* **Your assignment**
Pictures in the material below are to be left out, and only the lines from the line with "Abbildung unten: Ausschnitt" up to and including the line with "26 × 52 mm - C7J" are to be written out exactly.

___ Material for this exercise ___

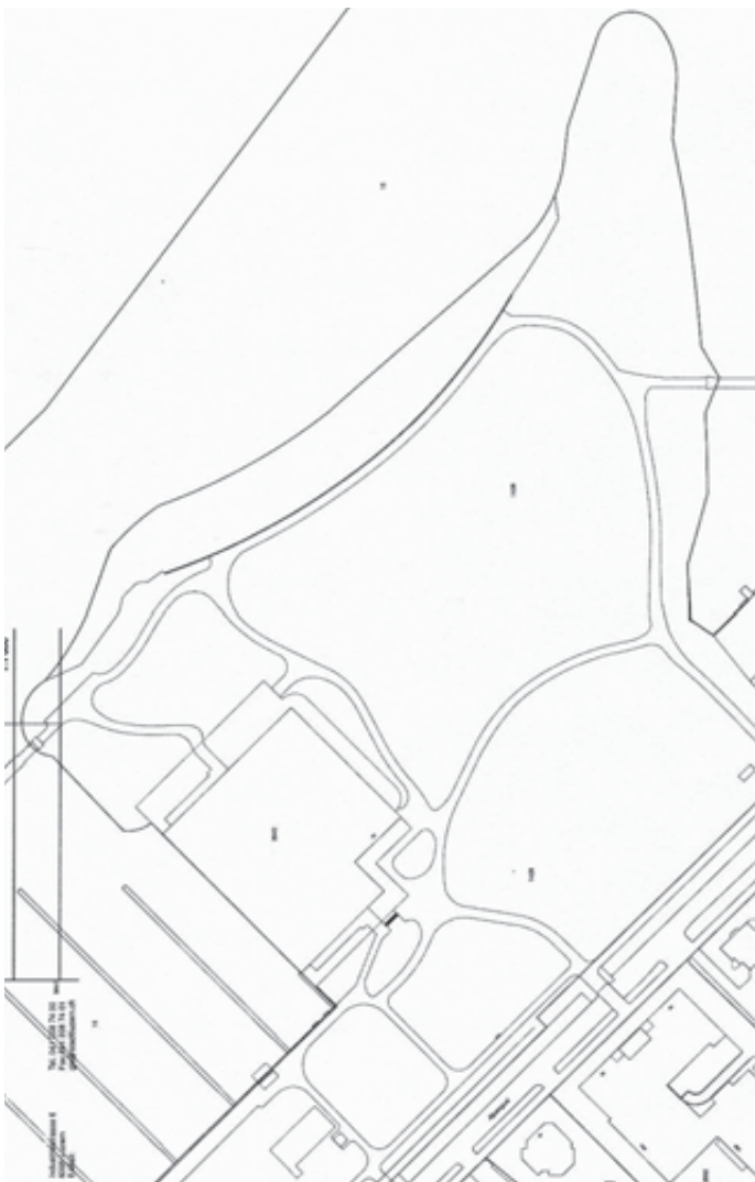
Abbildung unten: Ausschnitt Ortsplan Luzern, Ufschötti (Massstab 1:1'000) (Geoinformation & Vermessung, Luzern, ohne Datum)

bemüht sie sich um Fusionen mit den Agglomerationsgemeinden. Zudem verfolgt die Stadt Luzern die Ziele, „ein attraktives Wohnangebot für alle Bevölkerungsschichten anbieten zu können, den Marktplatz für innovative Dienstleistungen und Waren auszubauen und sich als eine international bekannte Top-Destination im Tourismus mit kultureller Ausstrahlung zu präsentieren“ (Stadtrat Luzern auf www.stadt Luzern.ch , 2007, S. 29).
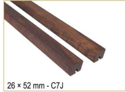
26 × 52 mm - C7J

___
___ Material for this exercise ___

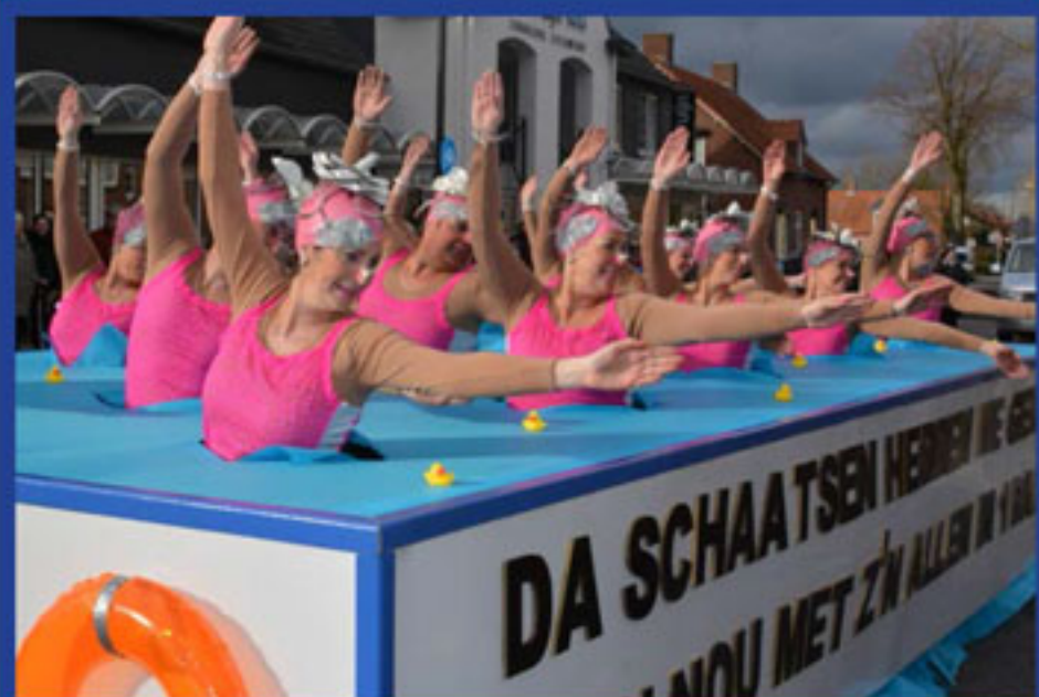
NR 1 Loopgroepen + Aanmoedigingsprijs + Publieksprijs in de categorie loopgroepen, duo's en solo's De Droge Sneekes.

___
___ Material for this exercise ___

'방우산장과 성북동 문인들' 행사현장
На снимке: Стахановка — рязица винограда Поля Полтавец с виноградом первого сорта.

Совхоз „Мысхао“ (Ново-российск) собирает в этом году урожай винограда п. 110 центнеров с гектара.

___

* **Solution to the problem**
Abbildung unten: Ausschnitt Ortsplan Luzern, Ufschötti (Massstab 1:1'000) (Geoinformation & Vermessung, Luzern, ohne Datum)

bemüht sie sich um Fusionen mit den Agglomerationsgemeinden. Zudem verfolgt die Stadt Luzern die Ziele, „ein attraktives Wohnangebot für alle Bevölkerungsschichten anbieten zu können, den Marktplatz für innovative Dienstleistungen und Waren auszubauen und sich als eine international bekannte Top-Destination im Tourismus mit kultureller Ausstrahlung zu präsentieren“ (Stadtrat Luzern auf www.stadt Luzern.ch , 2007, S. 29).
26 × 52 mm - C7J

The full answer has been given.